**To do**. Each entry that follows is to be duplicated exactly, without its images.

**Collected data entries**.
········

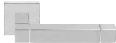
Jan des Bouvrie 100 stainless steel

Handle and key roses latch, cylinder or free-occupied are mounted overlying. Olivari handles can be delivered with stainless steel matte, anthracite matte, or chrome surfaces. Other surfaces are deliverable upon request.
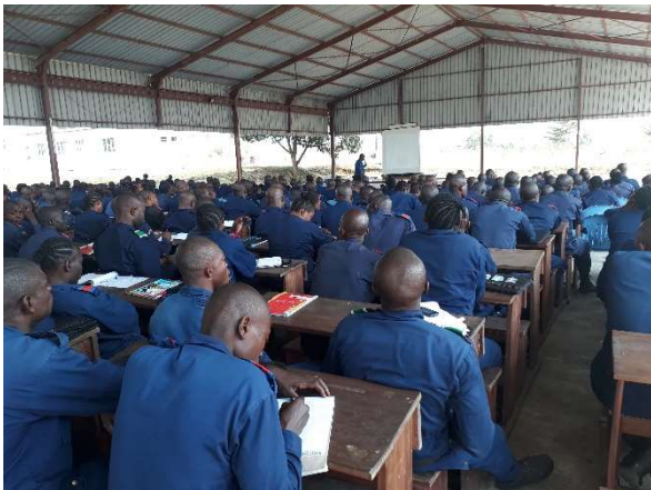
DRC: DRC : Training on human rights for the national police in DRC
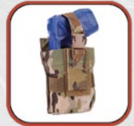
SR Buckle x 2 Taser® Holster
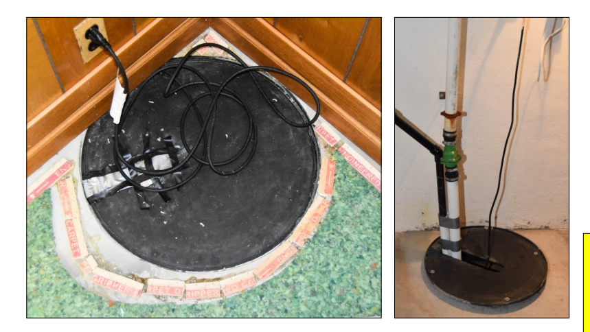
B-Dry System was installed on 19' of the far front wall in the finished area including a front corner sump pump on 9/12/91. The house does have second sump pump in the unfinished area.
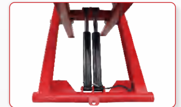
Two hydraulic cylinders and hydraulic safety locks.
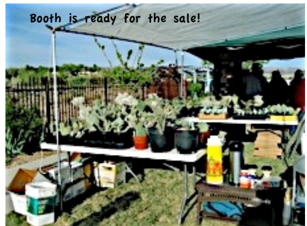
Booth is ready for the sale!

by coffee and donuts brought by the Hassell's and the Benoit's, members unloaded plants and set up the tables.
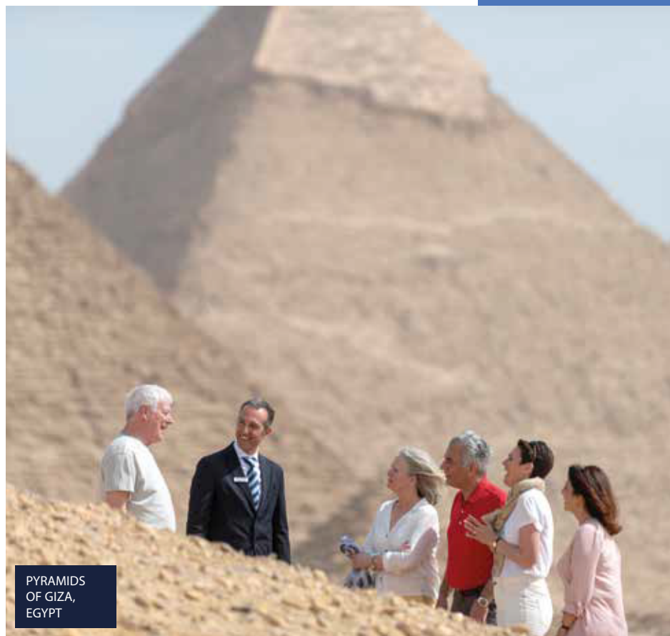
PYRAMIDS OF GIZA, EGYPT
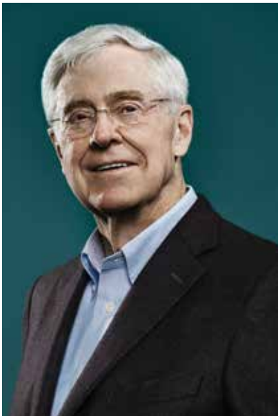
Right-wing advocacy groups associated with billionaires David (top) and Charles Koch are fueling grassroots opposition to the Common Core.
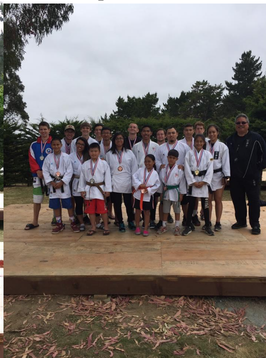
Tibon's Karate Athletes for Training and Fitness Challenge for Awards

········

**Expected output**.
Jan des Bouvrie 100 stainless steel

Handle and key roses latch, cylinder or free-occupied are mounted overlying. Olivari handles can be delivered with stainless steel matte, anthracite matte, or chrome surfaces. Other surfaces are deliverable upon request.
DRC: DRC : Training on human rights for the national police in DRC
SR Buckle x 2 Taser® Holster
B-Dry System was installed on 19' of the far front wall in the finished area including a front corner sump pump on 9/12/91. The house does have second sump pump in the unfinished area.
Two hydraulic cylinders and hydraulic safety locks.
Booth is ready for the sale!

by coffee and donuts brought by the Hassell's and the Benoit's, members unloaded plants and set up the tables.
PYRAMIDS OF GIZA, EGYPT
Right-wing advocacy groups associated with billionaires David (top) and Charles Koch are fueling grassroots opposition to the Common Core.
Tibon's Karate Athletes for Training and Fitness Challenge for Awards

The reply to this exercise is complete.